There’s a wide world of speculation about the long-lasting changes to real estate caused by the coronavirus, but many industry experts say there will indeed be change.

In May, The New York Times reported that three of New York City’s largest commercial tenants — Barclays, JP Morgan Chase and Morgan Stanley — have hinted that many of their employees likely won’t be returning to the office at the level they were pre-Covid.

Until workers are able to safely return to offices, it’s impossible to tell exactly how much office space will stay vacant post-pandemic. On one hand, businesses could require more space to account for physical distancing; on the other hand, they could embrace remote working permanently, or find some middle ground that brings fewer people into the office on a daily basis.

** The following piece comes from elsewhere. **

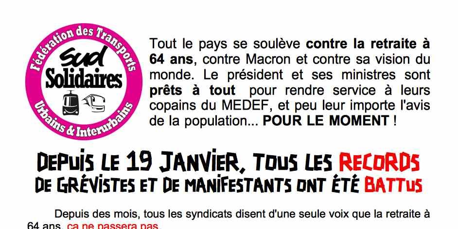 Publié le 10 mars 2023 par Fédération SUD Solidaires des Transports Urbains et Inter-urbains

“It’s tough to say anything to the office market because most people are not back working in their office yet,” says Robert Knakal, chairman of JLL Capital Markets. “There will be changes in the office market and there will likely be changes in the residential market as well in terms of how buildings are maintained, constructed, [and] designed.”

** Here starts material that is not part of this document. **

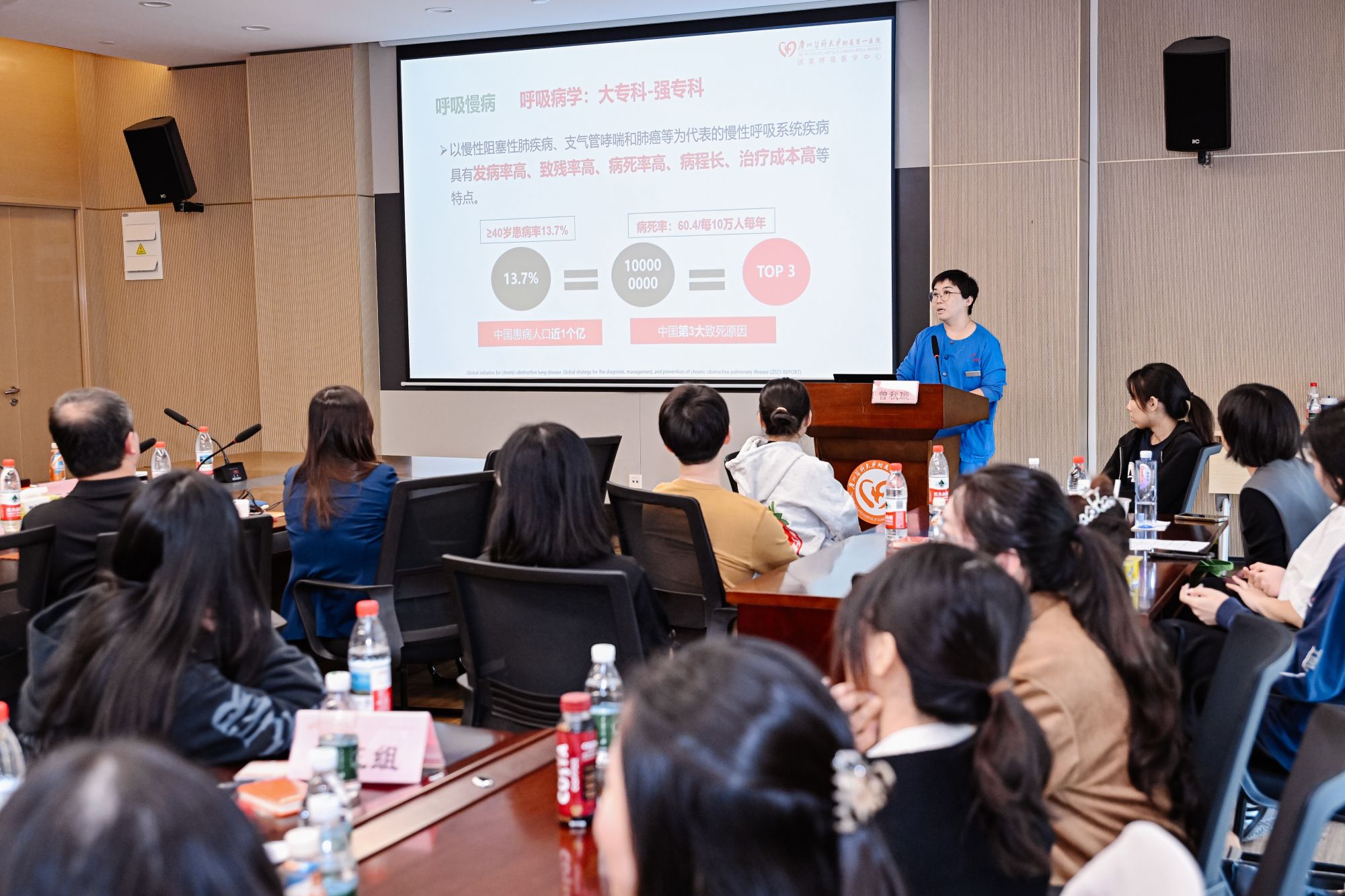代表团一行参观了医院沙盘模型和荣誉墙、国家呼吸医学大数据中心及智能化门诊,并分组进入心内科、呼吸内科病房,与临床一线医护人员进行交流。呼吸内科曾秋璇科护士长介绍的“口琴呼吸康复法”等本土化护理创新,引起了新方师生的浓厚兴趣。

Those who do return to the office may find a reversal of recent design trends that favoured open, airy layouts with desks clustered tightly together. “The space per employee likely to go up would counterbalance the folks who are no longer coming into the office,” Knakal says.

There has been some discussion of using newly vacant office space for residential needs, and while that’s appealing to housing advocates in cities that sorely need more housing, Bill Rudin, CEO of Rudin Management Company, recently told Spectrum News that the conversion process may be too difficult to be practical.

"I don’t know the amount of buildings out there that could be adapted," he said. "It’s very complicated and expensive.

While there’s been tumult in San Francisco’s rental scene, housing developers appear to still be moving forward with their plans, says Dan Sider, director of executive programs at the SF Planning Department.

“Despite the doom and gloom that we all read about daily, our office continues to see interest from the development community – particularly larger, more established developers – in both moving ahead with existing applications and in submitting new applications for large projects,” he says.

How demand for those projects might change and what it might do to improve affordable housing is still unknown, though “demand will recover,” Sider predicts.

Johanna Flashman is a freelance writer based in Oakland, California.